I am not a novice as far as file-systems, so bear with me please.
We have some parallel HDF5 applications built on top of MPI-IO that have always worked as expected on lustre drives, but hang on some of our NFS drives. They seem to hang during the closing of the file even if we just open and close a file collectively. The following tests all hang:
88 - MPI_TEST_testphdf5 (Timeout) 95 - MPI_TEST_testphdf5_selnone (Timeout) 96 - MPI_TEST_testphdf5_cngrpw-ingrpr (Timeout) 97 - MPI_TEST_testphdf5_cschunkw (Timeout) 98 - MPI_TEST_testphdf5_ccchunkw (Timeout) 103 - MPI_TEST_t_mpi (Timeout) 104 - MPI_TEST_t_bigio (Timeout) 106 - MPI_TEST_t_pflush1 (Timeout) 107 - MPI_TEST_t_pflush2 (Failed) 112 - MPI_TEST_t_shapesame (Timeout) 113 - MPI_TEST_t_filters_parallel (Timeout)

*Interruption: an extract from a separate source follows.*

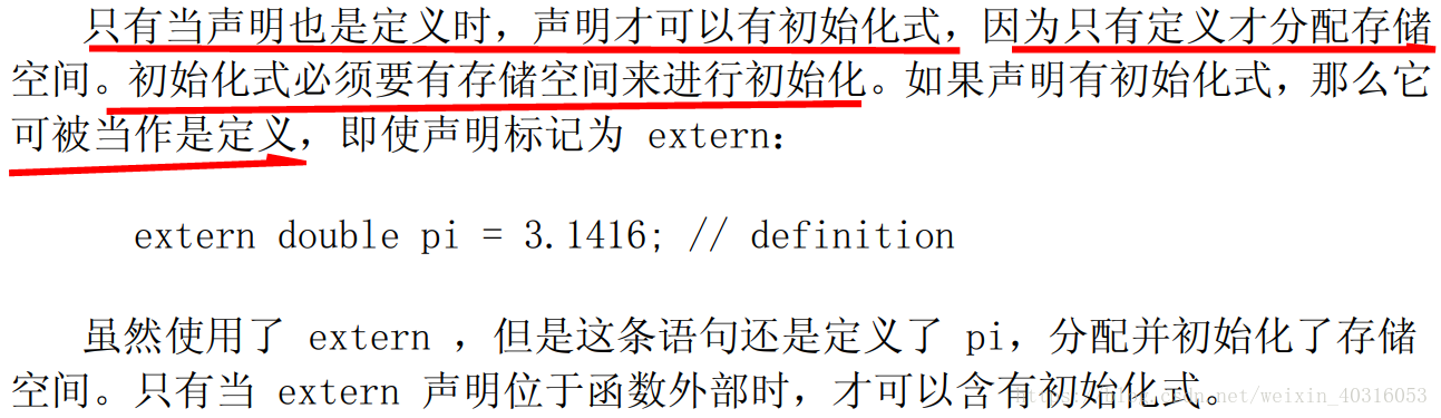 为什么会这样呢?因为 extern int a; 只是声明而不是定义,声明是不会为变量开辟内存空间的,自然无法对其进行初始化的操作。

This was built using HDF5-1.10.5 with OpenMPI-4.0.1 and intel-19.0.1. This problem seems to be independent of compiler and OpenMPI version, but doesn’t show up with MPICH. The system admins said they “underwent some upgrades to the NFS filers and TOSS” on the system that now works.
Do you have any suggestions on how to diagnose this problem? Or what NFS settings I should ask the system admins to forward along that may be causing this problem? Any guidance is appreciated!